▸ What is expected: Could you copy exactly the lines from the one containing "Nowy nabytek gostyńskich" through the last line of the records below, leaving out any pictures?

# # # # # # #

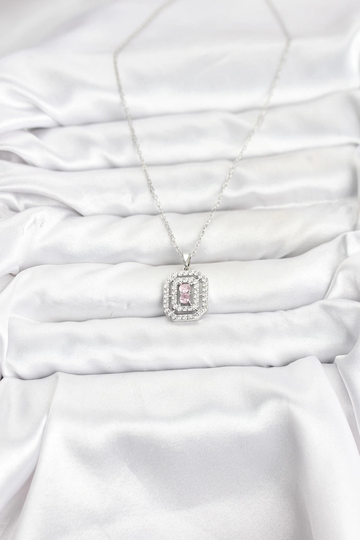 Mey İthalat® 316L Çelik Zincir Gümüş Renk Plaka Model Zirkon Taşlı Kadın Kolye
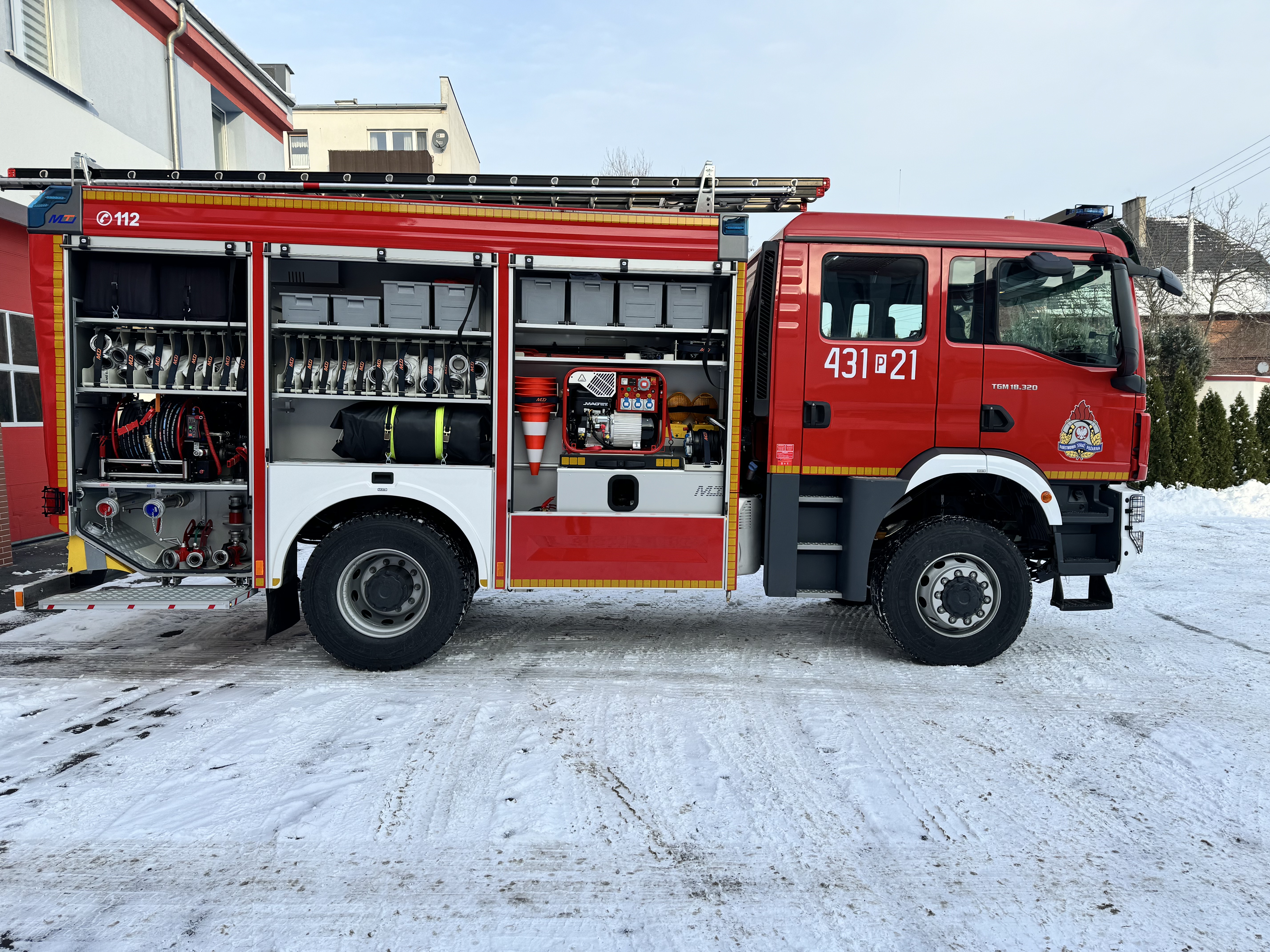 Nowy nabytek gostyńskich strażaków to średni samochód ratowniczo-gaśniczy ze zwiększonym potencjałem ratownictwa drogowego, zabudowany przez MOTO-TRUCK Sp. z o.o., na podwoziu MAN TGM 18.320 z napędem 4x4. Pojazd posiada silnik o mocy 320 kM, zbiornik na wodę o pojemności 3000 litrów, zbiornik na środek pianotwórczy mieszczący 325 litrów, a także dwuzakresową autopompę.
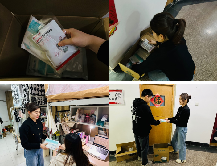 2023级学硕团支部、2023级专硕团支部一同发起了校园关爱行动:各团支部给各位老师和同学准备了口罩、耳塞等物资,其中,同学们的物资由各团支部的书记以宿舍为单位发放给各位同学,老师们的物资由辅导员老师负责发放。学硕、专硕团支部希望通过这次行动,能够与老师和同学们共同应对这些挑战,创造一个更加宁静、健康的学习和生活环境。
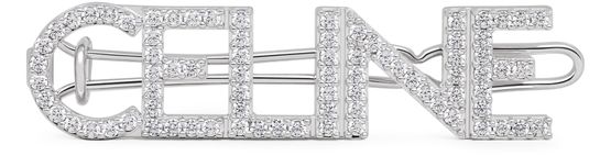 • Beschreibung : Messing und kristalle, nickelfrei, silber-finish, spangenverschluss, stacheln für halt an der rückseite, mit „celine“ gravur, maße der haarspange: 4,5 x 1,2 cm.
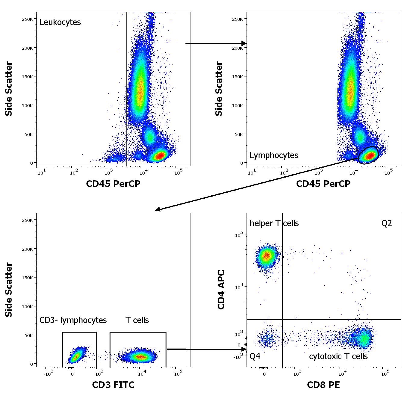 Flow cytometry gating strategy for identification of target cell populations in normal human peripheral whole blood.
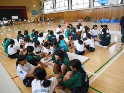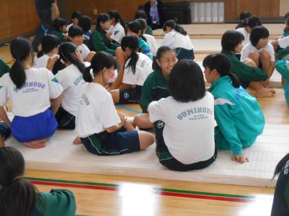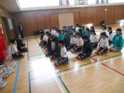 実技練習が終わり、今日の振り返りを各グループで行いました。この時間に互いのいいとろこ、今日初めて知ったこと、疑問点などを出し合い、次の授業につなぎます。最後は柔道は礼に始まり、礼に終わるのとおり、正座して号令のもと、気持ち良く終わりました。
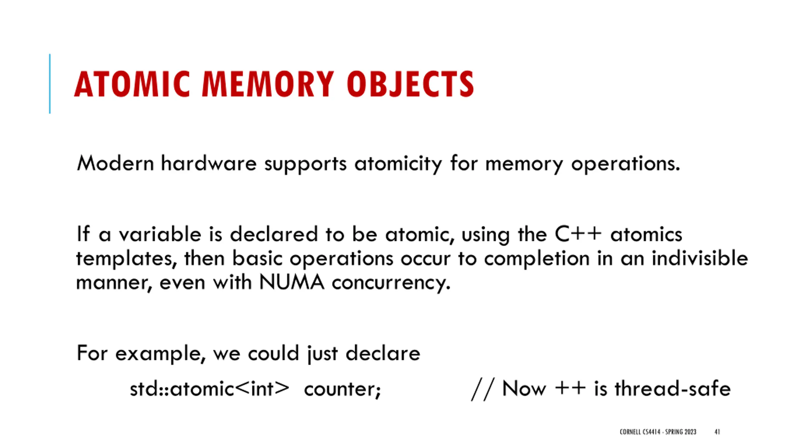 ATOMIC MEMORY OBJECTS Modern hardware supports atomicity for memory operations. If a variable is declared to be atomic, using the C++ atomics templates, then basic operations occur to completion in an indivisible manner, even with NUMA concurrency. For example, we could just declare std::atomic<int> counter; // Now ++ is thread-safe CORNELL CS4414 - SPRING 2023 41
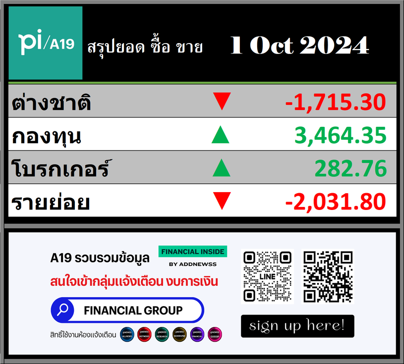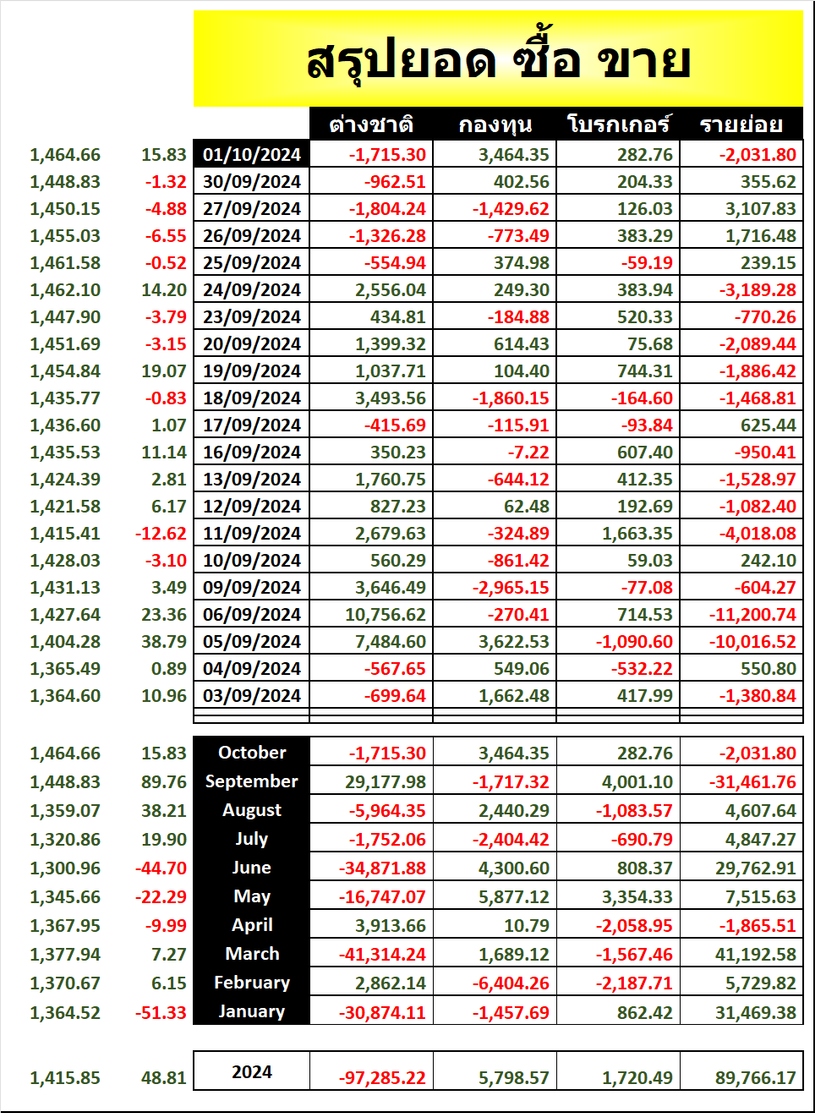 1 ต.ค. 2567 ต่างชาติ ขาย 5 วันติด อีก 🔴-1,715.30 ล้านบาท

# # # # # # #

▸ Solution to this problem:
 Nowy nabytek gostyńskich strażaków to średni samochód ratowniczo-gaśniczy ze zwiększonym potencjałem ratownictwa drogowego, zabudowany przez MOTO-TRUCK Sp. z o.o., na podwoziu MAN TGM 18.320 z napędem 4x4. Pojazd posiada silnik o mocy 320 kM, zbiornik na wodę o pojemności 3000 litrów, zbiornik na środek pianotwórczy mieszczący 325 litrów, a także dwuzakresową autopompę.
 2023级学硕团支部、2023级专硕团支部一同发起了校园关爱行动:各团支部给各位老师和同学准备了口罩、耳塞等物资,其中,同学们的物资由各团支部的书记以宿舍为单位发放给各位同学,老师们的物资由辅导员老师负责发放。学硕、专硕团支部希望通过这次行动,能够与老师和同学们共同应对这些挑战,创造一个更加宁静、健康的学习和生活环境。
 • Beschreibung : Messing und kristalle, nickelfrei, silber-finish, spangenverschluss, stacheln für halt an der rückseite, mit „celine“ gravur, maße der haarspange: 4,5 x 1,2 cm.
 Flow cytometry gating strategy for identification of target cell populations in normal human peripheral whole blood.
 実技練習が終わり、今日の振り返りを各グループで行いました。この時間に互いのいいとろこ、今日初めて知ったこと、疑問点などを出し合い、次の授業につなぎます。最後は柔道は礼に始まり、礼に終わるのとおり、正座して号令のもと、気持ち良く終わりました。
 ATOMIC MEMORY OBJECTS Modern hardware supports atomicity for memory operations. If a variable is declared to be atomic, using the C++ atomics templates, then basic operations occur to completion in an indivisible manner, even with NUMA concurrency. For example, we could just declare std::atomic<int> counter; // Now ++ is thread-safe CORNELL CS4414 - SPRING 2023 41
 1 ต.ค. 2567 ต่างชาติ ขาย 5 วันติด อีก 🔴-1,715.30 ล้านบาท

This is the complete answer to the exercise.